Why reproducibility matters in GTA workflows
1. Why reproducibility matters
Scientific analyses must be transparent, traceable, and repeatable.
In fisheries data, reproducibility ensures that:
- Other researchers can validate results.
- Policy-makers can rely on evidence-based advice.
- Updates to datasets can be compared to earlier versions.
The FAIR principles (Findable, Accessible, Interoperable, Reusable) provide a framework to guarantee these goals.

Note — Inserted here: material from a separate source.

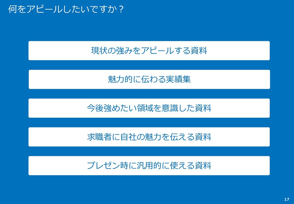 何をアピールしたいですか︖ 17 現状の強みをアピールする資料 今後強めたい領域を意識した資料 求職者に⾃社の魅⼒を伝える資料 プレゼン時に汎⽤的に使える資料 魅⼒的に伝わる実績集
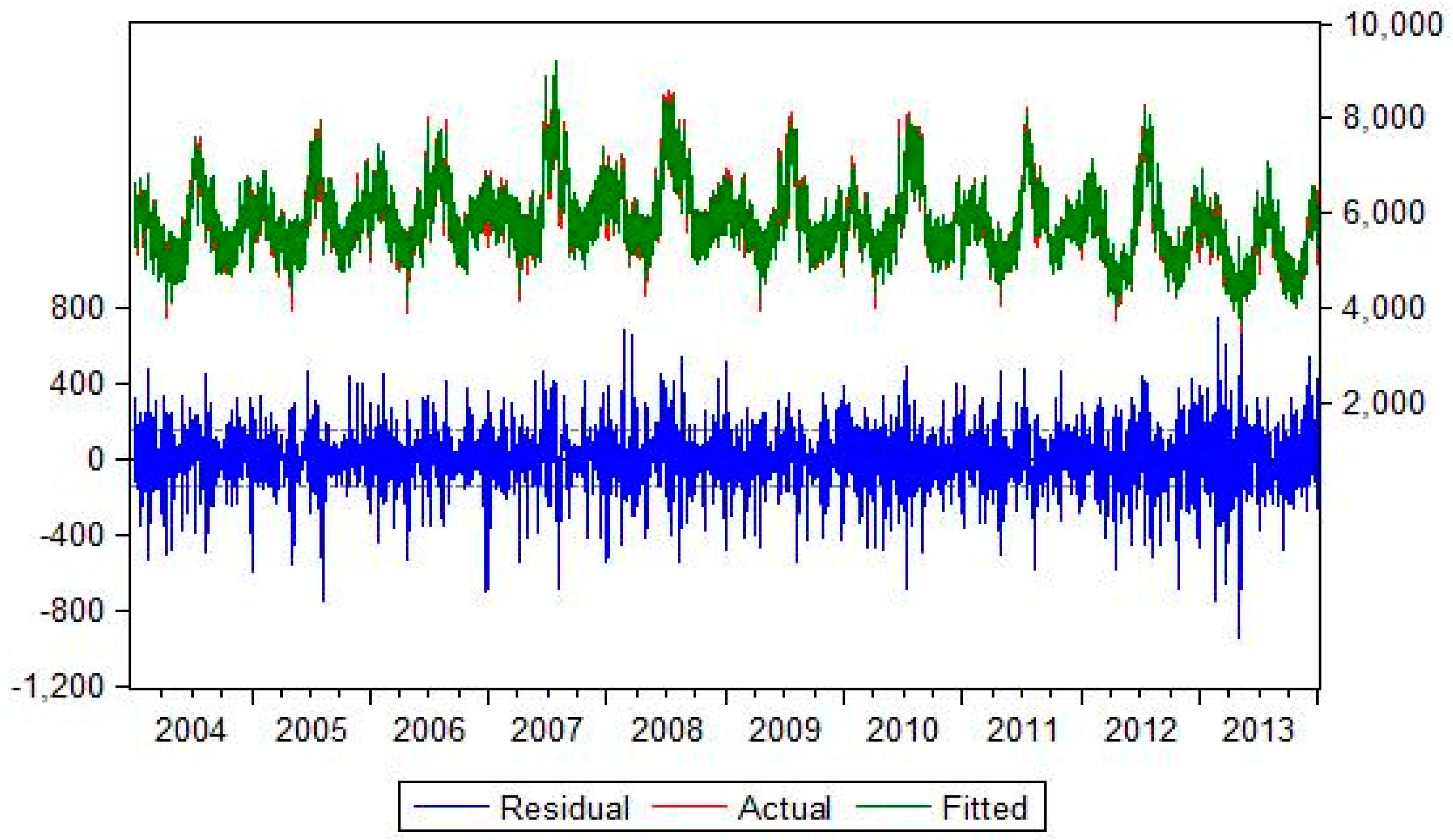 - Ljung, G.M.; Box, G.E.P. On a Measure of Lack of Fit in Time Series Models. Biometrica 1978, 66, 67–72. [Google Scholar] [CrossRef]

2. How reproducibility is implemented in GTA workflows
RStudio Server on VLab5
VLab5 provides a uniform RStudio environment (same RStudio version, OS image, system libs), which avoids “it works on my machine” issues and makes demos consistent across learners. Use it when you want:
- A pre-configured R/RStudio environment for everyone.
- Stable system libraries (GDAL/PROJ, curl, etc.) aligned with the course.
- Shared instructions: the same scripts and relative paths work for all users.
Alternative: you can run exactly the same steps locally in RStudio; the workflows and scripts are identical.
DOIs and Zenodo
DOIs (Digital Object Identifiers) provide a permanent, citable identifier for each dataset release.
In GTA, every public release is archived on Zenodo, which mints:
- a version DOI (e.g., 10.5281/zenodo.15496164) for that exact snapshot, and
- a concept DOI (stable “latest” record) that always points to the newest version.
Why we use them
- Stable citation in papers and reports,
- Long-term preservation of files and metadata,
- Clear versioning for reproducibility (each run points to a specific DOI).
How to cite (example) Use the version DOI in methods/results, and the concept DOI in general references.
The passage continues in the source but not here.